LPNs have to explain to people how they fit into the overall medical model. Clarifying the health care roles of the Doctors to diagnose and design; Nursing administrators and managers to manage and plan; and LPNs to directly deliver care at the bedside, is a key to any successful communication for the LPN profession. Everyone has their role and responsibilities, but the LPN has the opportunity at the bedside to be most effective and efficient in minute-by-minute skilled, knowledgeable, and compassionate care giving. The LPN can and should be a reassuring source for human concern for people in care who are extremely vulnerable, scared and often uninformed or misinformed about what is happening to them and what is being done for them.

What do you need to do now?

Based on the survey results, skilled, knowledgeable, caring, compassionate nursing is what the people of Alberta want. That is what you are, and what you do because it is in your nature. Now you have to make sure to Talk-the-Walk if you are going to get the respect and rewards you deserve. This is how you show commitment to your profession and yourself as a professional. You also need to have conversations with your friends, families, and personal networks so they can understand and value the role, responsibility and relationship of Licensed Practical Nurses in the health care system of Alberta, and the people you serve.

Your message will be clear: Licensed Practical Nurses provide Competent, Committed Care and play an important role in the effectiveness of Alberta’s health care system.

What will your College do?

Communicate, communicate, and communicate!! We have worked closely with Linda Stanger, Executive Director of CLPNA and her team in formulating a plan which involves sharing LPN messaging with key audiences including other health care professionals, stakeholders, policy decision-makers, media and Albertans.

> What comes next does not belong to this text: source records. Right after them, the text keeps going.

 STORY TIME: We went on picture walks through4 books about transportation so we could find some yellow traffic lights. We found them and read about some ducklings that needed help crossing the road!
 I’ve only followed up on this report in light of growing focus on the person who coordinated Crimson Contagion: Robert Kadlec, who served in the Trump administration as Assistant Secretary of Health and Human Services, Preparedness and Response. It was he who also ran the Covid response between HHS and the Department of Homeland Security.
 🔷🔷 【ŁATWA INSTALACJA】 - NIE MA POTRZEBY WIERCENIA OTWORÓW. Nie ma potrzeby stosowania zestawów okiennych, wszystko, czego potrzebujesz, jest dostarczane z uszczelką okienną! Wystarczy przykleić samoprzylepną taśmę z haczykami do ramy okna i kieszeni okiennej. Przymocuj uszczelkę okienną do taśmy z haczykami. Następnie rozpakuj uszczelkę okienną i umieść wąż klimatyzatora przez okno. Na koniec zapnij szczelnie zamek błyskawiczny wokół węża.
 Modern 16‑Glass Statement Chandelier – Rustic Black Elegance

In addition to connecting with the mainstream media, we will be using social media as a way to get our message out. The use of social media is cost-effective, immediate, relationship-based, and encourages word-of-mouth communications. Social media efforts will be interactive with you using email, Facebook, Twitter, YouTube, and our CLPNA Blog and website for content and distribution.

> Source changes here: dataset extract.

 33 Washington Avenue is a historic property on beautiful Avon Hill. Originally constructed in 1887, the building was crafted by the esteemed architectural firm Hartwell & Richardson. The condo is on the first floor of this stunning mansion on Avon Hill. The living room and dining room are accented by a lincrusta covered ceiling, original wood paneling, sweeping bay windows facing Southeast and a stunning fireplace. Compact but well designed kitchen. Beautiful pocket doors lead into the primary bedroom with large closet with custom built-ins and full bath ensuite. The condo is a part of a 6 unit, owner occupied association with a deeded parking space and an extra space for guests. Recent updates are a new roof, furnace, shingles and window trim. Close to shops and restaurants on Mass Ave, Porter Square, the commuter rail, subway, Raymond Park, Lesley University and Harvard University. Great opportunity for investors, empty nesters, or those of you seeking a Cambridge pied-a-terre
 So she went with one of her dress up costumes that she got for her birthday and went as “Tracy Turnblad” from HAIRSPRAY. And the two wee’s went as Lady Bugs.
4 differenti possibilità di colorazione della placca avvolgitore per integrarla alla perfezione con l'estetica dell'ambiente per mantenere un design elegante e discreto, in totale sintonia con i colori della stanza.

Discussing on our Blog: http://blog.clpna.com
Liking us on Facebook: www.facebook.com/CLPNA
Following us on Twitter: www.twitter.com/CLPNA
Watching us on YouTube: www.youtube.com/CLPNA

We will need help from any LPN who wants to be part of the solution to help make this happen. We will be in touch and provide you with training and workshops as well as coaching and mentorship on how to use social media to get our messages out to Albertans. Learning about social media is fun. It is also a very important tool for you professionally and personally. Word of mouth is known to be the most effective method of communication, and LPNs are in the best position to use it.

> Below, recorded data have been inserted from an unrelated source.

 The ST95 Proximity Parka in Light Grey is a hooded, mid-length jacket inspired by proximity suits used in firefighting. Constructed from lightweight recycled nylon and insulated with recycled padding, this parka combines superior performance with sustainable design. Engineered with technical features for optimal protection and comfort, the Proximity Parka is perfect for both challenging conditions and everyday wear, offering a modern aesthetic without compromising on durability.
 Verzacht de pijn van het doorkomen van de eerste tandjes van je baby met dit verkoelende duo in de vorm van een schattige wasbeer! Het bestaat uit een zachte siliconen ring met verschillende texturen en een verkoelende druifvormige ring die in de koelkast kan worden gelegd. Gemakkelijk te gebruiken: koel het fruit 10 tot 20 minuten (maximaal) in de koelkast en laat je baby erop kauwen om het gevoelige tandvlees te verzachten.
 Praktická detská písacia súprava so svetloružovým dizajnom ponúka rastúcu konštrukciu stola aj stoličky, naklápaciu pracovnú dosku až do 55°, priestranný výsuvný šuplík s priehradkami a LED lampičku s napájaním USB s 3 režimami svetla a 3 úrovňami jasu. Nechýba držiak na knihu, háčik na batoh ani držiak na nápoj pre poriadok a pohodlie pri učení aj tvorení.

The bottom line is Licensed Practical Nurses have a lot to be proud of in relation to how you contribute to the well-being of Albertans. The problem is you are too inhibited and reticent to blow your own horns. This has to change. It is not about being brash or boastful. It is about being caring and compassionate. It is about taking the time to explain to patients and other what LPNs do and to assure the public of your skills, knowledge, experience, and capacity to serve the greater good as you do your jobs – day in and day out. That’s exactly what the public wants!

One response to “Survey results lead to Social Media usage”

  1. Bravo! I have been an LPN in Alberta for almost 10 years, prior to that I practiced in Manitoba. Albertan’s, I have found, really need to be educated with what exactly LPNs roles are and I never let an opportunity pass when it presents itself to educate my patients and their families about LPNs. I do, however work with some LPNs who almost seem embarrassed or ashamed to be LPNs (they don’t wear their designation). I just don’t understand this thinking. I come from a province where LPNs are valued and our College was very active. I am so happy to see Alberta is finally waking up. Way to go!!